TREC 2025 Tip-of-the-Tongue (ToT) Track

Welcome to the guidelines for the upcoming 2025 edition of the TREC ToT track!

Guidelines

Important dates

May 9th: Release corpus and training queries
July 12th: Release test queries
September 10th: Deadline for submitting runs (Extended, previously August 27th)

Registration

Organizations wishing to participate in TREC 2025 should submit an application. Participants in previous TRECs who wish to participate in TREC 2025 must submit a new application.

To apply, use the new Evalbase web app. First you will need to create an account and profile, then you can register a participating organization from the main Evalbase page.

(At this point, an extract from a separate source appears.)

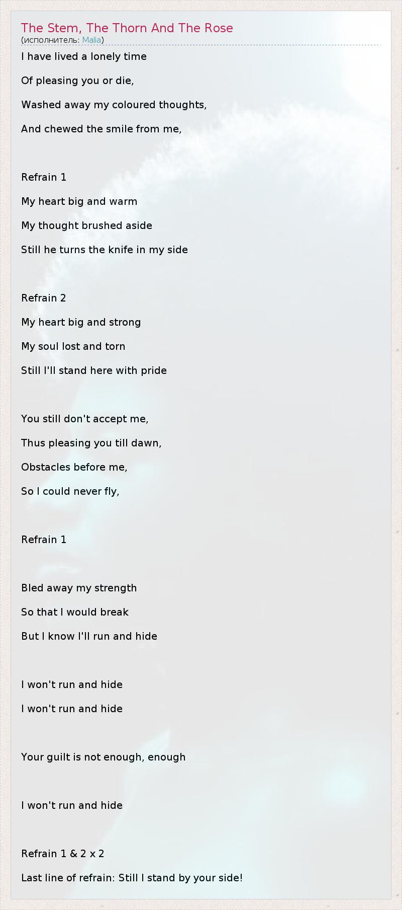 А как ты думаешь, о чем песня "The Stem, The Thorn And The Rose" ?
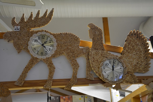 Esan Kalusteesta löytyy erikoisempiakin sisustuselementtejä, kuten nämä katajaiset kellot.

Any questions about conference participation should be sent to the general TREC email address, trec (at) nist.gov.

Task definition

In terms of input and output, the ToT known-item identification task is relatively straightforward—given an input ToT request, output a ranked list of items. In previous years, our focus was on specific domains like movies, landmarks, and celebrities. This year, the retrieval task will be open domain. So, each item can be any entity and must be identified by its Wikipedia page id and the correct item should be ranked as high as possible. For each query, runs should return a ranked list of 1000 Wikipedia page ids. Runs will be evaluated using IR metrics that are appropriate for IR tasks with one relevant document, such as discounted cumulative gain, reciprocal rank, and success@k.

Datasets

This year’s track will have a larger corpus to account for the open domain setting. The format for the topics / documents have also been modified. The data is hosted in Zenodo and can be downloaded here. The corpus can also be accessed via IR-Dataset and Hugging Face Datasets. See Corpora and Queries for a description of the files and additional access information.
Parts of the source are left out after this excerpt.